Entries taken from a collection:

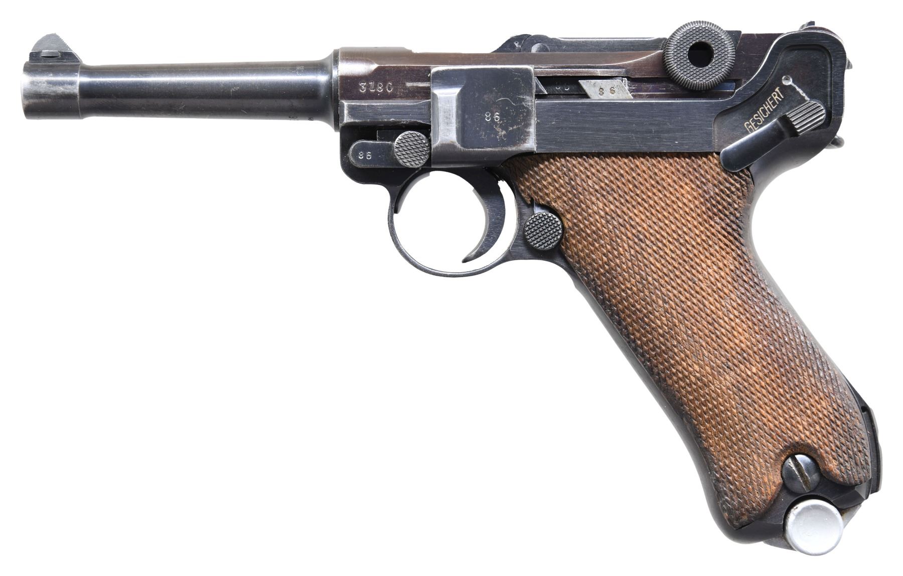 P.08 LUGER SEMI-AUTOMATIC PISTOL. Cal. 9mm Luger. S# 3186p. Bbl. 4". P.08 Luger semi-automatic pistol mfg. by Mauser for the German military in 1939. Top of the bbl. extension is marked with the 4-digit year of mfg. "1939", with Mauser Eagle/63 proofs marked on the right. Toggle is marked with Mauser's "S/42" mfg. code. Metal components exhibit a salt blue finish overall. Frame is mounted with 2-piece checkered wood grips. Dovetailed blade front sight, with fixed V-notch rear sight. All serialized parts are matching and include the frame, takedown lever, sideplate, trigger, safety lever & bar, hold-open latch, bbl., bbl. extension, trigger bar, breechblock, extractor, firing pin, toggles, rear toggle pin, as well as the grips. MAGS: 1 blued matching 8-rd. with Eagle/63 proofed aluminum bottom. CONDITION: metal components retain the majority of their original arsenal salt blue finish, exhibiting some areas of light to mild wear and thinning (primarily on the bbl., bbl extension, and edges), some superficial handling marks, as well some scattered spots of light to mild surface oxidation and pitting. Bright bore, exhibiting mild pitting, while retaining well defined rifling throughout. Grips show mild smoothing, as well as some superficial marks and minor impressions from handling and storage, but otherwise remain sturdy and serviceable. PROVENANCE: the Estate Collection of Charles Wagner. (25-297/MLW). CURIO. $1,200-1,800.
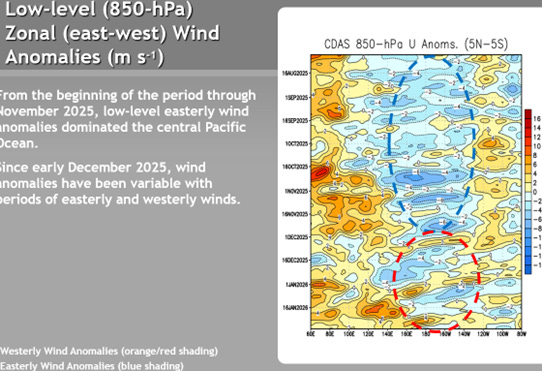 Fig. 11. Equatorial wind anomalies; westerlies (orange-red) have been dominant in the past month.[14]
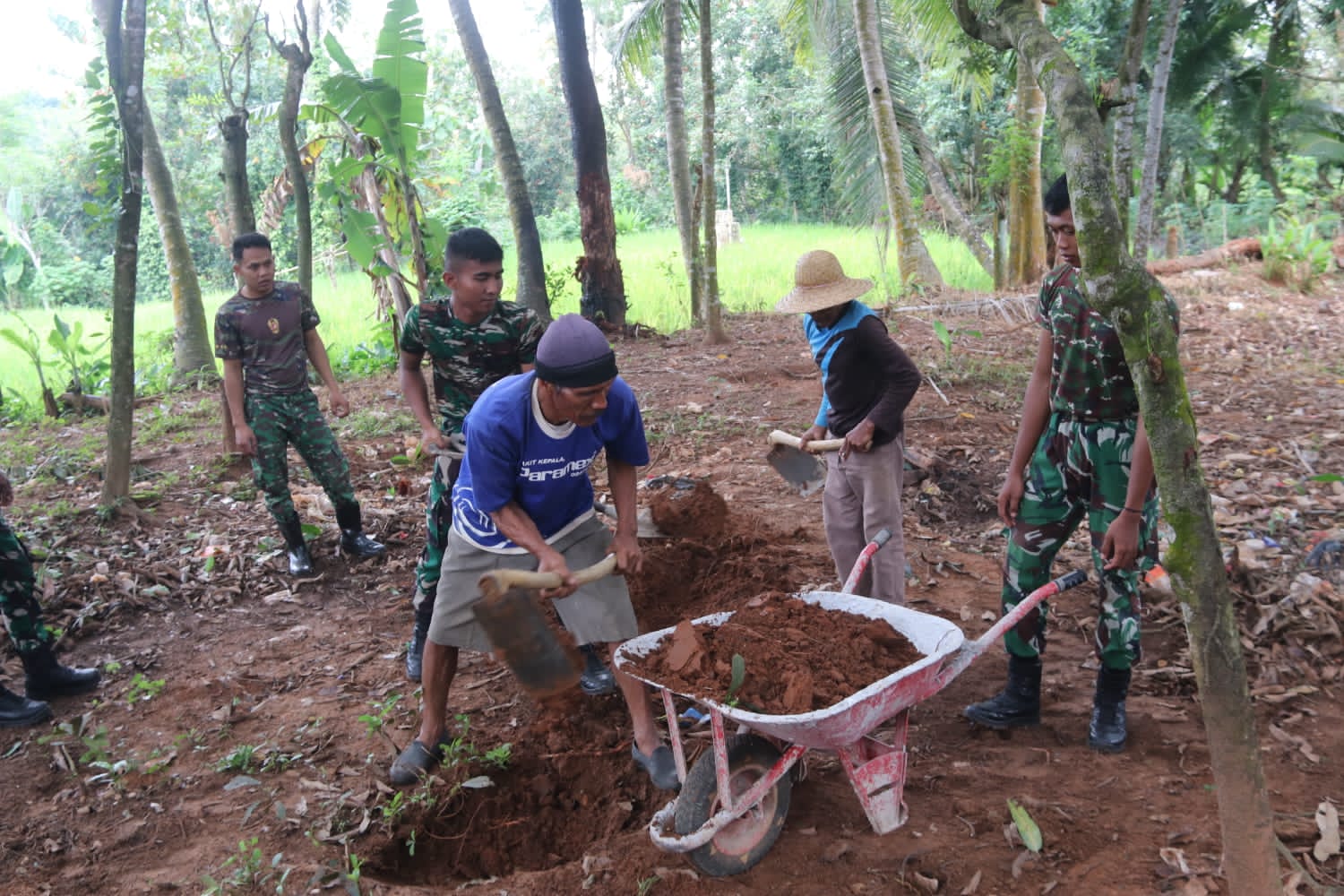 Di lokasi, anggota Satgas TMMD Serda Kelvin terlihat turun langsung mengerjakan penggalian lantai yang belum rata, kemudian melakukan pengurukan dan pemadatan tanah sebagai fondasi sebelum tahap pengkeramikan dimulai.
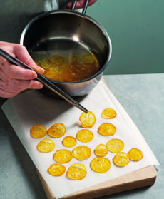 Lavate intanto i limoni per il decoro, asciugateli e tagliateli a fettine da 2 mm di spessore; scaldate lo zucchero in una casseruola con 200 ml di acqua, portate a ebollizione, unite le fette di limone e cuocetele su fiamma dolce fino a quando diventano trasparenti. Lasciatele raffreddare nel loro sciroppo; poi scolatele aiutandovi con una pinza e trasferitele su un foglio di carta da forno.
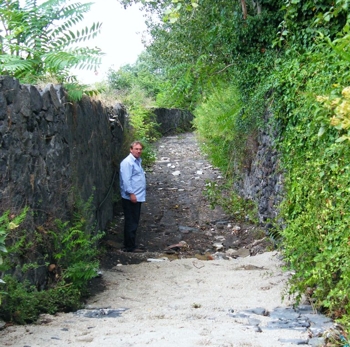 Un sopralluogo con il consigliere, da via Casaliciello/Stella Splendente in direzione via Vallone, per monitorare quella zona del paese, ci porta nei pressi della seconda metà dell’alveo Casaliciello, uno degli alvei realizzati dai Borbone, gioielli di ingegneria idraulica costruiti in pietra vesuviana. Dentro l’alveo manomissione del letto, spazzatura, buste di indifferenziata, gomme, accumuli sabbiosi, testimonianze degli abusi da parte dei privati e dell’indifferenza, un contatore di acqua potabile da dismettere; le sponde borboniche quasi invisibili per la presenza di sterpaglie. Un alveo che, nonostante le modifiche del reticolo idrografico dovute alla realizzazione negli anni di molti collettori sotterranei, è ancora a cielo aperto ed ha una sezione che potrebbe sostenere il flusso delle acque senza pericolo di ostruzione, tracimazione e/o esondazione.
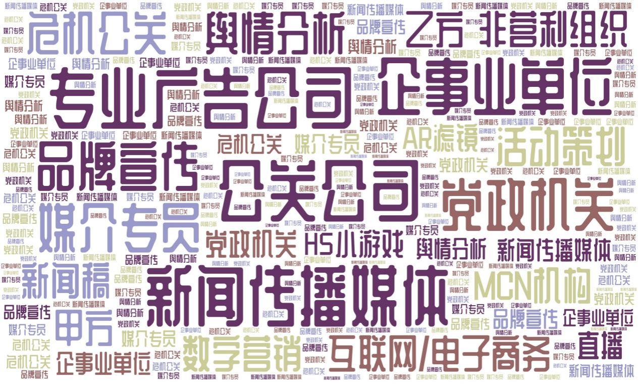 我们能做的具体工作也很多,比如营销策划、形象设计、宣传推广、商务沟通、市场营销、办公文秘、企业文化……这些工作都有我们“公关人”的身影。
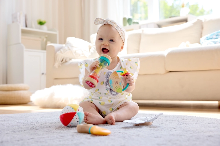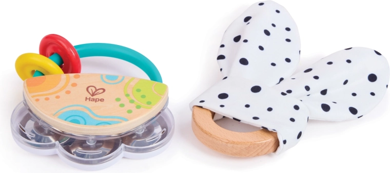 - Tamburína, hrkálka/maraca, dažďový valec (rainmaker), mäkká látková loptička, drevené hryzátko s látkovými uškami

→ **WORK TO COMPLETE**
Write out, word for word, the stretch of entries that begins at the line with "Lavate intanto i" and ends at the line with "Un sopralluogo con". Pictures do not belong in it.

→ **ANSWER FOR THIS EXERCISE**
 Lavate intanto i limoni per il decoro, asciugateli e tagliateli a fettine da 2 mm di spessore; scaldate lo zucchero in una casseruola con 200 ml di acqua, portate a ebollizione, unite le fette di limone e cuocetele su fiamma dolce fino a quando diventano trasparenti. Lasciatele raffreddare nel loro sciroppo; poi scolatele aiutandovi con una pinza e trasferitele su un foglio di carta da forno.
 Un sopralluogo con il consigliere, da via Casaliciello/Stella Splendente in direzione via Vallone, per monitorare quella zona del paese, ci porta nei pressi della seconda metà dell’alveo Casaliciello, uno degli alvei realizzati dai Borbone, gioielli di ingegneria idraulica costruiti in pietra vesuviana. Dentro l’alveo manomissione del letto, spazzatura, buste di indifferenziata, gomme, accumuli sabbiosi, testimonianze degli abusi da parte dei privati e dell’indifferenza, un contatore di acqua potabile da dismettere; le sponde borboniche quasi invisibili per la presenza di sterpaglie. Un alveo che, nonostante le modifiche del reticolo idrografico dovute alla realizzazione negli anni di molti collettori sotterranei, è ancora a cielo aperto ed ha una sezione che potrebbe sostenere il flusso delle acque senza pericolo di ostruzione, tracimazione e/o esondazione.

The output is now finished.